ISIS-affiliated ABM has been able to build wealth from trade via illegal tunnels between Gaza and Rafah, which not only funded the militant activity of Salafist jihadist groups, but also created a new class system in Sinai relative to the power of tribes in north Sinai.
As a result, previously less powerful tribes and clans in north Sinai began to have more influence, defying the old and major tribes and their arrangement with Egyptian authorities and forming their own independent council.
That shifting of the balance of power – away from tribes willing to cooperate with Cairo and towards those who are opposed to it – suggests that Egypt's war against radical Islam has only just begun.
Mansour and his friends say that those who have suffered from the security crackdown have proved easy pickings for ABM's recruitment drive.
That is especially true for those like Mansour who have lost their homes and businesses because of the Egyptian state's punitive actions.
"Many [Sinai civilians] are joining the militias to make money after losing their jobs in the foiled smuggling trade," said Samy, one of Mansour's friends.
"Extremism is not a wild plant; extended years of messed up government systems and messed up religious institutions have led us to where we are now," the 32-year-old added.
Both Mansour and Samy described how drones and Apaches were striking homes in Dahya.

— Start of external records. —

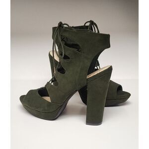 Bar III Women's Faux Suede Nelly Green Lace Up Platform Bootie Sandal Shoe 11M These shoes are in excellent pre-owned condition with no flaws. Please see pictures for more details.
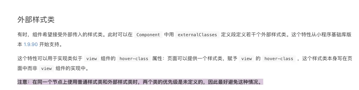 注意:在同一个节点上使用普通样式类和外部样式类时,两个类的优先级是未定义的,因此最好避免这种情况。
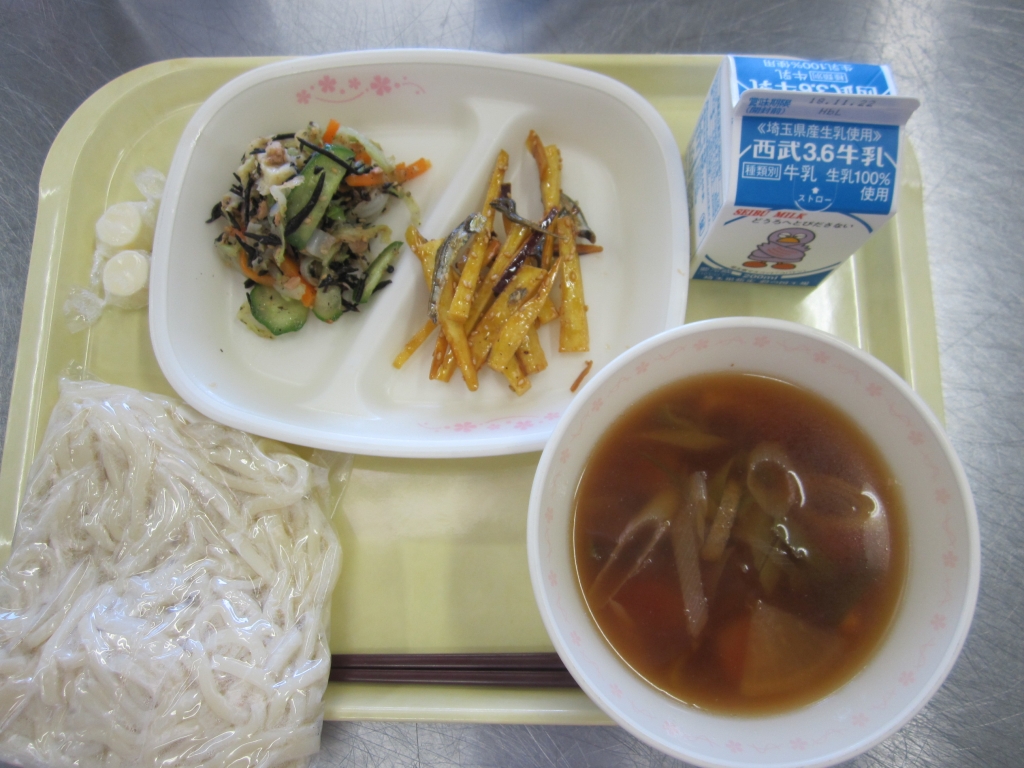 今日は、さつまいもを千切りにして油で揚げて、松葉に見立てた「松葉芋」が給食に出ました。
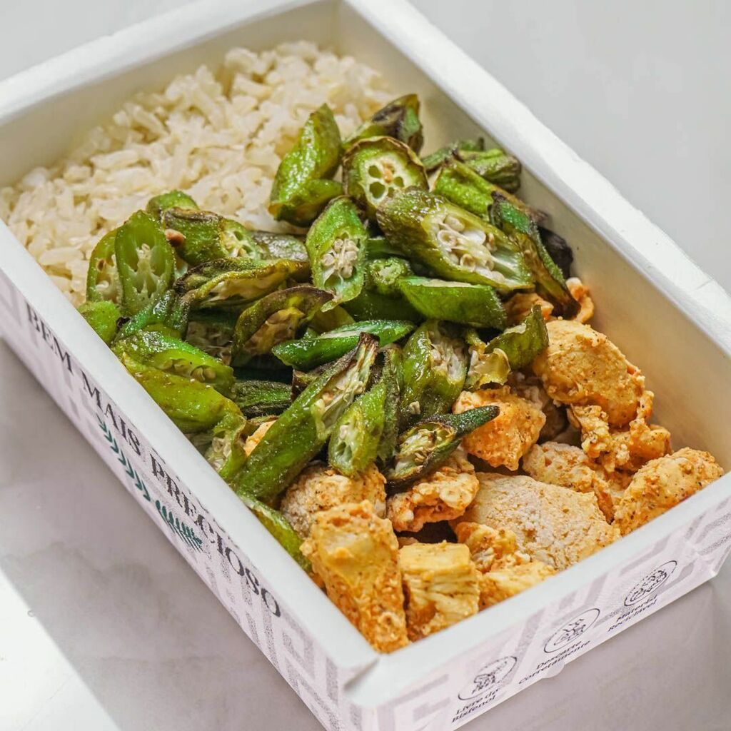 Esse prato traz 100g de frango assado suculento e temperado na medida certa, acompanhado por 100g de arroz integral soltinho e 50g de quiabo assado, preservando textura e sabor.

They explained that security officers were burning down homes and forcing women to evacuate their houses. Men had to flee their place – fearing arrest – before the weekly raids by the Egyptian military took place.

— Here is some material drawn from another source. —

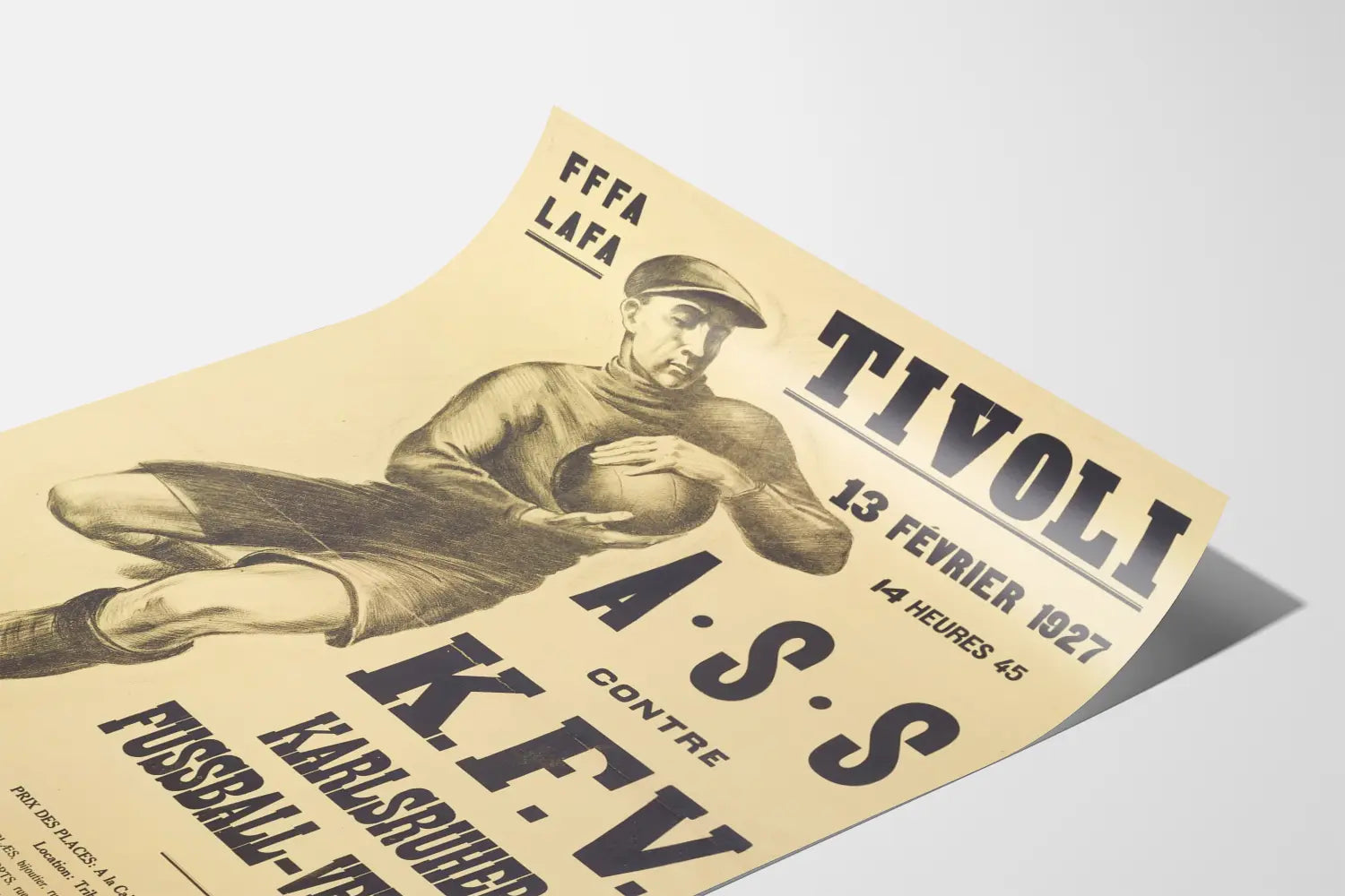 Ta plakat vintage to historyczny element dekoracji ściennej, zapowiadający mecz piłki nożnej, który odbył się 13 lutego 1927 roku na stadionie Tivoli w Strasburgu. Przedstawiający zawodnika w akcji, ten czarno-biały plakat jest doskonałym przykładem sportowej reklamy z tamtej epoki, łączącym dynamiczną ilustrację z wyraźną typografią. Zawodnik, ubrany w tradycyjny strój sportowy, z czapką na głowie i trzymający starą piłkę, doskonale oddaje estetykę lat dwudziestych, wprowadzając nostalgiczną atmosferę do każdego wnętrza. Tekst podkreśla spotkanie lokalnego zespołu A.S.S (Stowarzyszenie Sportowe w Strasburgu) z niemieckim zespołem K.F.V. (Karlsruher Fußball-Verein), co czyni ten obiekt interesującym dla miłośników historycznej piłki nożnej oraz pasjonatów vintage'owej dekoracji. Ten ścienny plakat, będący zarówno przedmiotem kolekcjonerskim, jak i elementem dekoracyjnym, dodaje retro i sportowego charakteru Twojej przestrzeni, niezależnie od tego, czy jest to salon, biuro czy sala gimnastyczna. Jego duży format i wyrazisty styl graficzny czynią z niego główny punkt przyciągający wzrok i pobudzający rozmowę. Idealny do tematycznej dekoracji ściennej związanej ze sportem lub historią, ten wydrukowany obraz będzie wyjątkowym dodatkiem dla tych, którzy cenią autentyczne przedmioty pełne historii. Plakat zawiera także informacje o miejscach sprzedaży biletów oraz warunkach cenowych, co dodaje autentyczności i uroku temu dokumentowi z epoki. Podsumowując, ten stary sportowy plakat to idealna dekoracja ścienna dla miłośników retro sztuki i piłki nożnej, łącząca nostalgię z pasją sportową w unikalnym stylu graficznym.
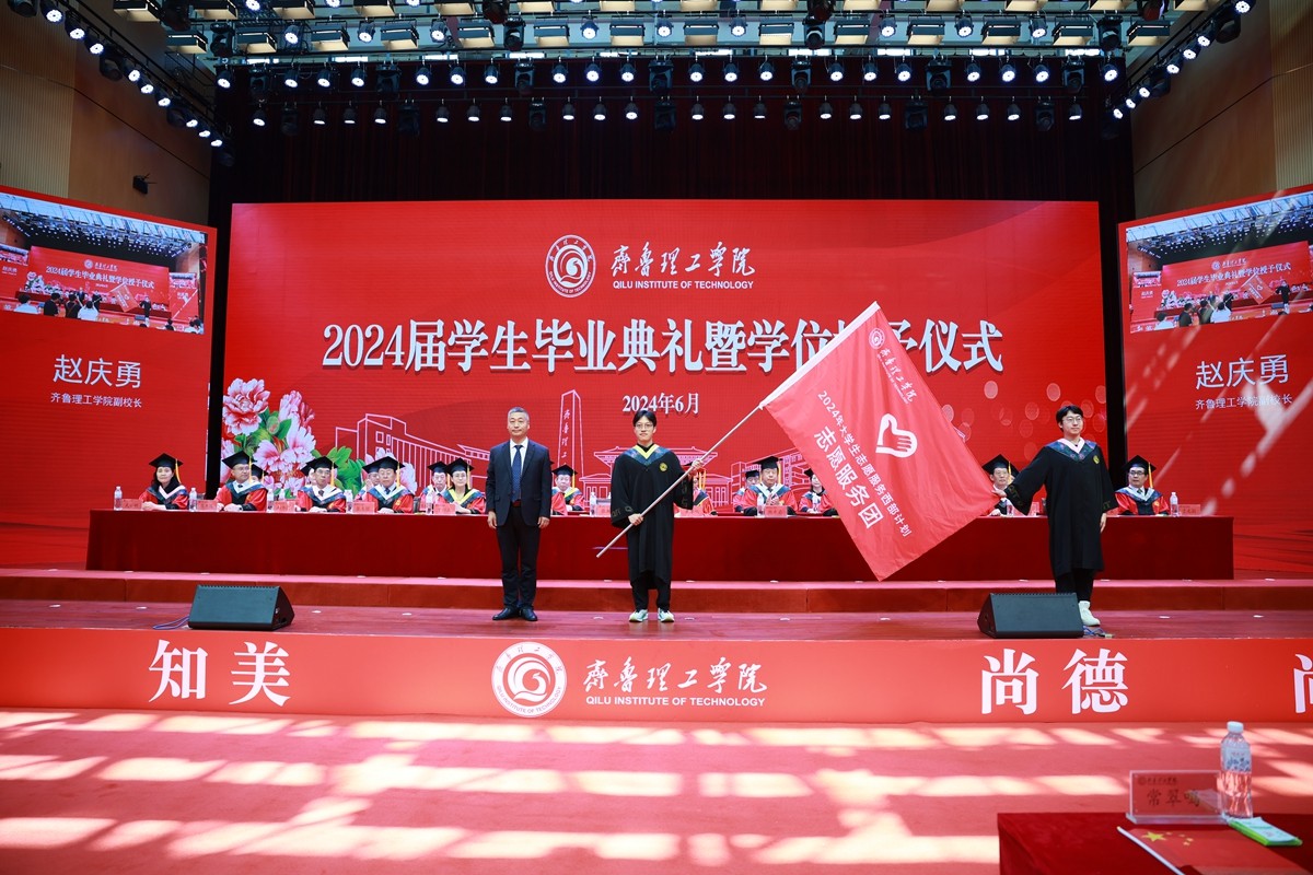 典礼上,表彰了2024届省级优秀毕业生、2024年大学生志愿服务西部计划优秀组织单位和先进个人,为2024年FH手机入口大学生志愿服务西部计划志愿服务队授旗,教务处、学团工作处向学校校友工作委员会移交了2024届毕业生名单。

They said that civilian deaths have become recurrent in these attacks, even though they are unreported by state media.
It is little surprise that those from within the Egyptian security services do not see it that way. One security official who spoke to IBTimes UK on condition of anonymity said that those joining the ranks of ABM have always believed and dreamt of a jihadist caliphate, precisely those who were "holding a grudge against the state".

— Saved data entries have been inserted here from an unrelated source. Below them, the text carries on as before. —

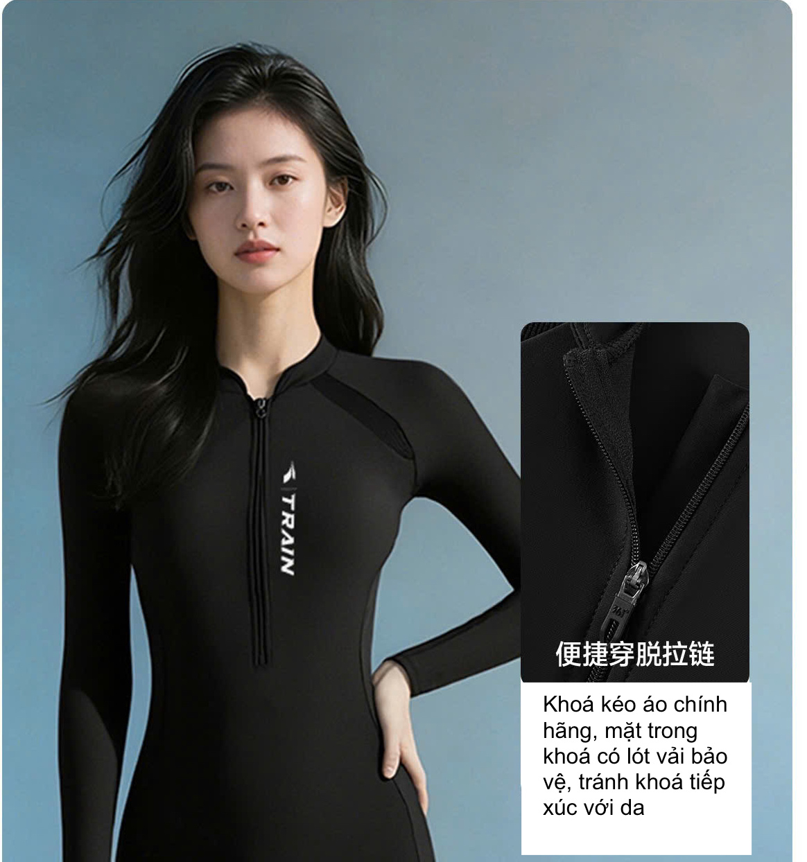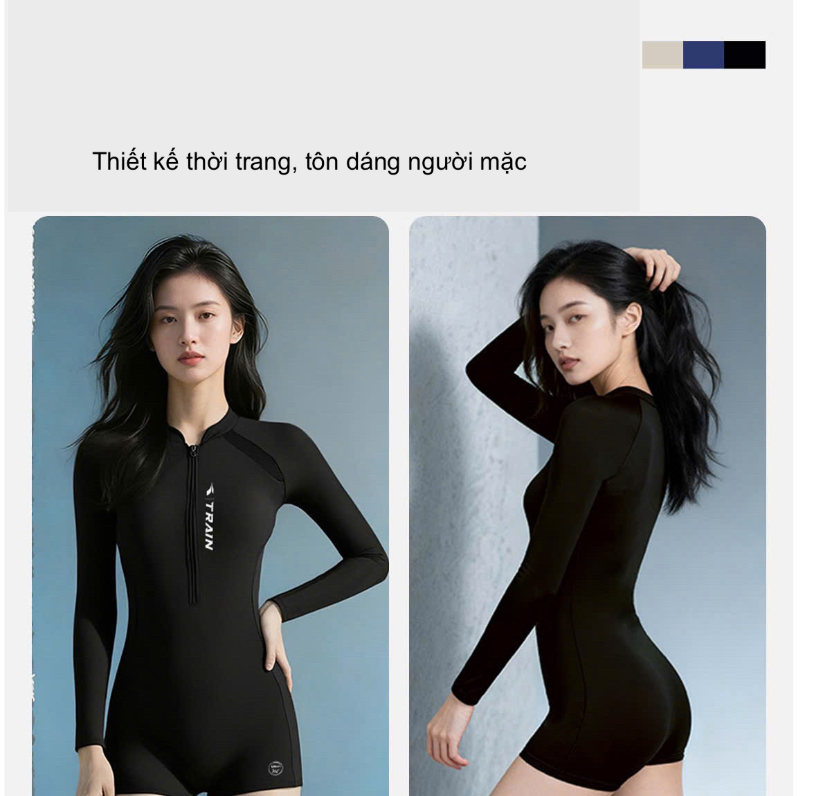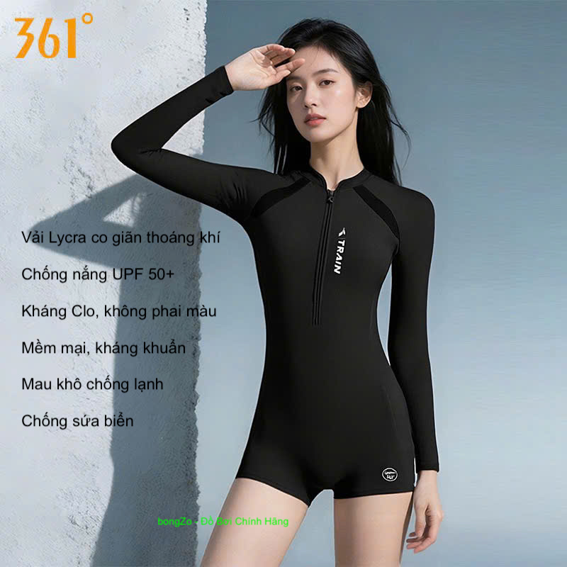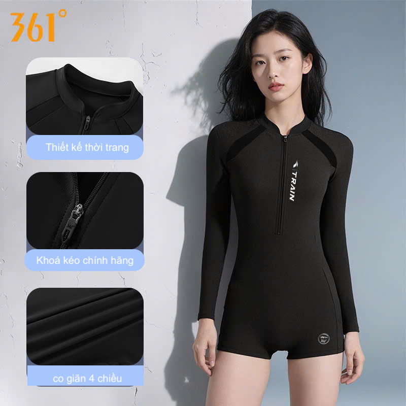 Bộ bơi nữ 361 dài tay liền thân, màu đen tôn dáng, chống nắng UPF 50+, co giãn thoáng khí
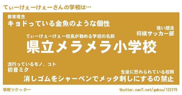 | 男性向けラノベタイトル風あだ名 | 『てぃーけぇーけぇーの憂鬱』 |
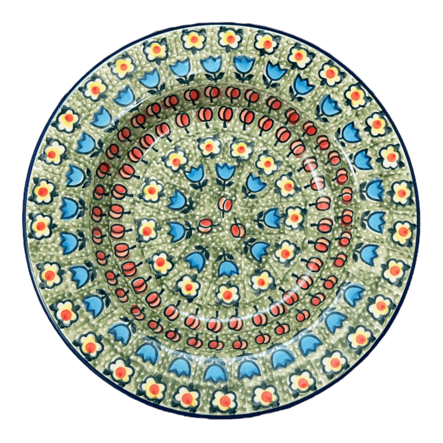 Step into the world of elegance and artistry with the Polish Pottery Soup Plate from Manufaktura, a treasure from the heart of Boleslawiec, Poland. This exquisite 9.25" soup plate isn't just any dish; it's a canvas showcasing the stunning "Amsterdam" pattern, where vivid green hues serve as the backdrop for a dance of delicate white and orange flowers, light blue bellflowers, and vibrant red and orange berries. Each piece, painstakingly hand-painted by skilled artisans, brings a touch of European charm right to your dining table, turning every meal into a festive gathering.

Egyptian state media is keen to point out that ABM does not only target security forces, but also civilians, from those who work with the Egyptian military to Christians in north Sinai. For its part, ABM has stated in its videos and statements that it would not target civilians in general, advising them to stay away from military premises.
Even so, ABM attacks and operations against Egyptian security forces have extended beyond Sinai. On 5 September 2013, ABM tried to assassinate a former minister of the interior at his home in Cairo's Nasr City in a failed suicide bombing. It has also claimed responsibility for bombing the Mansoura Security Directorate in 2013 and an attack in Borg Al-Arab, on Egypt's north coast, in 2014.
The nature of ABM's tactics has made combating the group extremely difficult for the Egyptian army, the official said.
"We cannot monitor all roads to inhibit bomb plantations. We have tried to prevent attacks by blocking the mobile network but terrorists have relied greatly on wireless networks and have armed themselves with technology that allows them to detonate bombs from a distance," he said.
In Ismaïlia, Samy and Mansour argue that ABM has been successful in winning hearts and minds – even if they baulk at the level of violence that the group employs.
"They call us to stand with solidarity through their fight against the state... I mean I do believe that there is great injustice in this country, however, their approach to stand against it is not practical, and anything that involves violence I am against," he said.
Samy, meanwhile, speaks like a broken man: "I really think Sinai is over, the civilians are being hurt in the process. We are collateral damage, all we can do is leave and reminisce about the past."